Bill Heinecke was 42 when he did something drastic: He walked into the U.S. embassy in Bangkok, handed over his passport and renounced his citizenship.
It wasn't a moment of madness, nor was it strictly necessary: The American-born entrepreneur had by then been living and working in Thailand for almost three decades. But it did showcase what he says is one of the most important skills in business — commitment — and, as a result, propelled him up the ranks of the country's rich list.
"I remember the time very well," the now-69-year-old self-made billionaire said during a recent episode of CNBC's "Managing Asia."
"I remember the counselor who said to me: 'I think you have to rethink this, you know. I've never seen or heard of anyone who wanted to give back their citizenship.'"
But Heinecke was resolute: "I said: 'Well I've made up my mind and I, you know, I don't need to wait.'"
Heinecke is the chairman and CEO of hospitality group Minor International, the company he founded as a cleaning business when he was 17 — still a minor — four years after relocating to Bangkok with his family. Throughout his 20s and 30s, it evolved into one of Thailand's leading hospitality chains, and Heinecke said he felt he owed it to the country that "adopted" him to show his dedication to doing business there.

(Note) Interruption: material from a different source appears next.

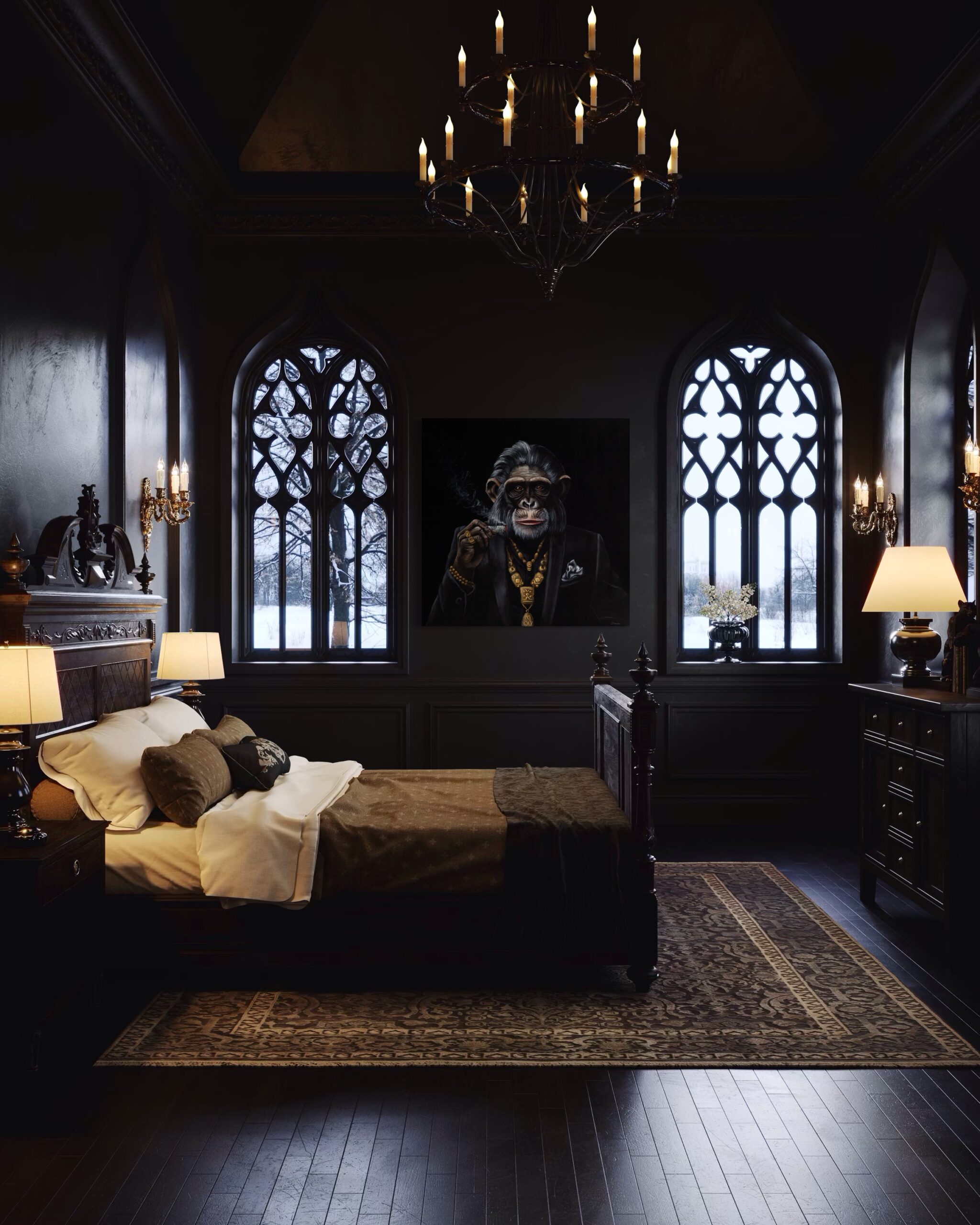 Beneath its surface opulence, “Monkey Power” speaks to deeper themes—the evolution of power, the blurring of primal instinct and calculated dominance, and the way aesthetics shape authority. Is this a meditation on status and identity, or a bold statement on the humanization of control and excess? The subject appears caught between its origins and its aspirations, a being of both instinct and ambition, wrapped in wealth and mystique.

By giving up his U.S. citizenship, Heinecke relinquished certain benefits afforded to U.S. nationals, such as his right to vote in U.S. elections and enjoy unrestricted travel into the country. But he also exempted himself from U.S. tax implications.
"You know, we've had so much good support from whether the Thai banks or Thai business people or the community in general," said Heinecke. "They've embraced us and embraced our company and, you know, we're proud to be a Thai company."
Committing to working in an emerging economy was not without its challenges: Heinecke's hotel chain has battled tsunamis, the Asian financial crisis and near-bankruptcy. But it also proved to be a savvy business move, which helped him win favor over other major international corporations.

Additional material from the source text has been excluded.